Just like we negate the indices giving positions to exclude
values when subsetting, we can negate the
TRUE
s and
FALSE
s easily.
The
!
does exactly this.
So if we want to drop elements specified by
a logical vector
i,
we need do only the following:
> x[ !i ]
Again, go through the intermediate computations, looking at
i and
!i
to see
what is actually happening.
So now we have seen 4 ways to subset: inclusion and exclusion by
position, names and logical "masks". We said at the outset there were
5, so we only have one remaining and this is a special, degenerate
one. What if I pass no value for the indexing vector, i.e.
> x[ ]
The result is
x itself, i.e
the original vector.
This is not the same as passing in a vector with
length 0
> x[integer()]
That gives back a subset of
x with the same length
as the indexing vector and so is
> x[ integer() ]
numeric(0)
Why is the empty subsetting (
x[]
) useful
and why are we making a big deal of it? There are several reasons.
One of the things we haven't mentioned about subsetting until now is
that not only can we access sub-vectors using these 5 techniques, but
we can also modify the elements in the original vector by simply
assigning elements to the specified subset.
We use the same subsetting on the left hand-side
of an assignment as we did earlier but specify an object
on the right side and good things happen.
> x = c(1, 2, 3)
> x[c(1, 3)] <- 10
> x
[1] 10 2 10
Similarly, if we want to replace all the "G"'s in
a character vector with a string "GG",
we can do this simply
> x = c("A", "G", "C", "C", "G", "G", "A")
> x[x == "G"] <- "GG"
And if we realized that we had made a mistake
and erroneously switched the IP addresses of anson and wald,
we could switch them back via
> ip = c(wald="169.237.46.2", anson = "169.237.46.9", fisher = "169.237.46.3")
> ip[c("wald", "anson") ] <- ip[c("anson", "wald")]
> ip
wald anson fisher
"169.237.46.9" "169.237.46.2" "169.237.46.3"
Note that the recycling rule is in effect in all of these cases.

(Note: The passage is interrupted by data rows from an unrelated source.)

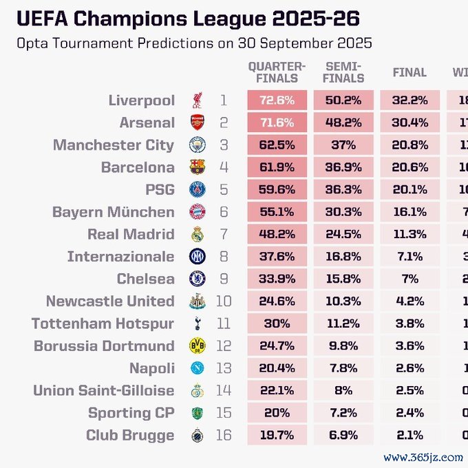 09月30日讯 欧冠职业联赛 阶段第二轮开赛在即,opta超级计算机更新了欧冠夺魁 概率, 篮球新闻高清直播其中利物浦位列榜首, 欧冠阿森纳、曼城分列二三。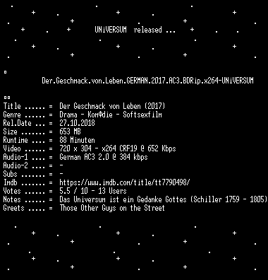 | FiLENAME: | Der.Geschmack.von.Leben.GERMAN.2017.AC3.BDRip.x264-UNiVERSUM.mkv |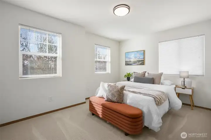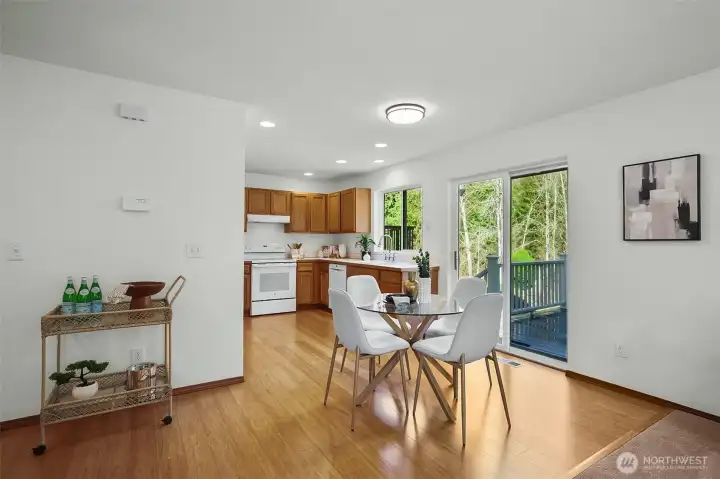Beautifully Maintained Silver Firs Home on a Rare Two-Sided Greenbelt Lot. Discover this private & tranquil residence, ideally situated at the end of a cul-de-sac. The thoughtfully designed floor plan offers flexibility & space, featuring 4 bedrooms plus a versatile bonus room upstairs and both living/dining & family rooms on the main level. Well-appointed kitchen has update appliances, a pantry & durable bamboo flooring. The inviting primary suite includes a spacious walk-in closet and ensuite bath. Step outside to the expansive newer easy-care Trex deck—perfect for entertaining, hosting BBQs, or simply relaxing while enjoying the peaceful natural surroundings. Lovingly cared for by the original owner, this move-in-ready home includes numerous updates: a new roof, gutters and garage doors; fresh interior paint; newer carpet, updated appliances and more. Enjoy access to neighborhood parks, sport courts, playgrounds & miles of scenic trails—all just steps away. The elementary & middle school are right in the community & highly rated. Close to amenities including Willis Tucker County Park with play fields, trails, water park & separate dog park. YMCA, shopping & restaurant's just minutes away. Just a wonderful community!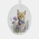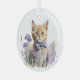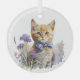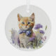 Ornement d'arbre de Noël doux, avec aquarelle d'un chaton tabby orange, avec une cravate arc violet et assis dans un lit ou des fleurs violettes. Belle idée cadeau pour n'importe quel amoureux des chats.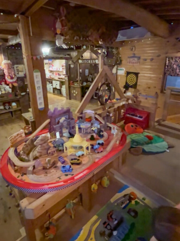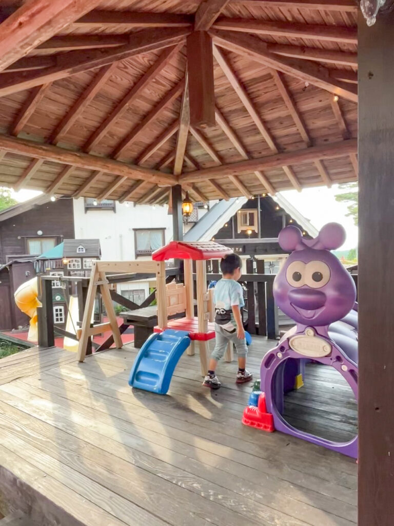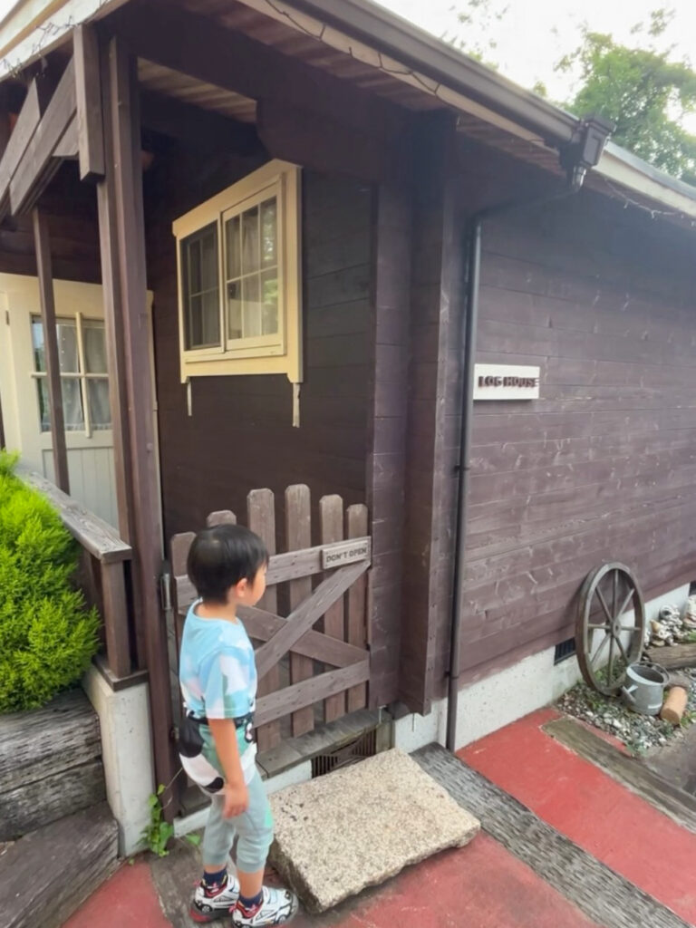 こちらの一棟貸のログハウスには、2段ベッドにすべり台やキッチンセットがついていたり、ミニカーやボードゲームもあって、まるでおもちゃ箱みたいなお部屋に子供達は目がキラキラです。
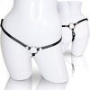 Thong-style harness that is so small it easily fits in your purse or under your clothes for an impromptu surprise. 3 way adjustable nylon straps fit up to 54 inch hips. (No dong included.) Ring size is 1.5 inches.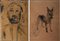 Longobardi Nino (Napoli 1953) a) Figura tecnica mista su carta cm 50x35 b) Cane tecnica mista su carta cm 38,5x29,5 firmato e datato in basso a destra: Longobardi 83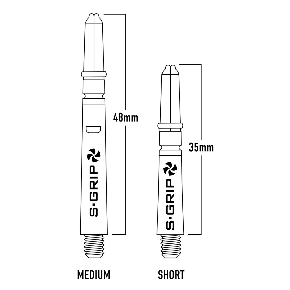 Die beliebten Harrows Supergrip Spin Shafts von Harrows verfügen über ein fest rotierendes Top, das sich dreht, wenn ein nachfolgender Dart den Flight berührt. Dadurch werden Ablenkungen und Abpraller reduziert, während der vormontierte Ring den Flight sicher fixiert. Erhältlich in Medium (48 mm / 1,1 g) und Short (35 mm / 0,8 g). Inhalt: 1 Set mit 3 Shafts.
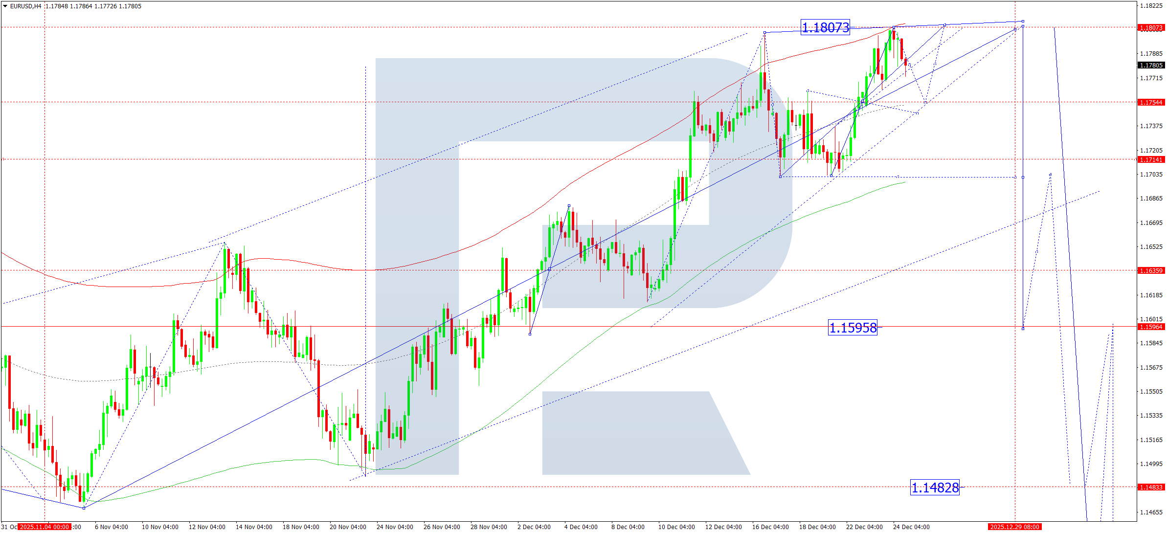บนกราฟ H4 ของ EURUSD ตลาดยังคงพัฒนาช่วงการแกว่งตัวแบบสะสมกำลังบริเวณระดับ 1.1755 วันนี้ 26 ธันวาคม 2025 ช่วงดังกล่าวได้ขยายตัวขึ้นไปถึงระดับ 1.1807 ขั้นถัดไป เราจะพิจารณาความเป็นไปได้ของการปรับตัวลงสู่ขอบล่างของช่วงนี้ที่ระดับ 1.1700 หากราคาปรับตัวหลุดลง จะเปิดโอกาสให้คลื่นเคลื่อนไหวต่อเนื่องไปยังระดับ 1.1620 ในกรณีที่เกิดการทะลุขึ้นด้านบน มีความเป็นไปได้ของการปรับตัวขึ้นอีกระลอกไปยังระดับ 1.1810

The
number of values on the right must match the number of values expected
on the left hand side and the recycling rule works to do this.
So what does this have to do with the empty subsetting capabilities?
Well, what's the difference between
> x <- 0
> y[] <- 0
In the first case, we are assigning the value 0 to the name "x".
In the second case, we are assigning 0 to each element of the
vector
y.
Another reason why the empty subsetting is useful is when
we deal with multi-dimensional vectors, i.e. matrices and arrays.
For these, we can say "give me all the columns for the first four rows"
as
> m[1:4, ]
The same subsetting rules apply for each dimension
and so we need a convenient way to say "everything" in this
dimension. And that is the empty subsetting operation.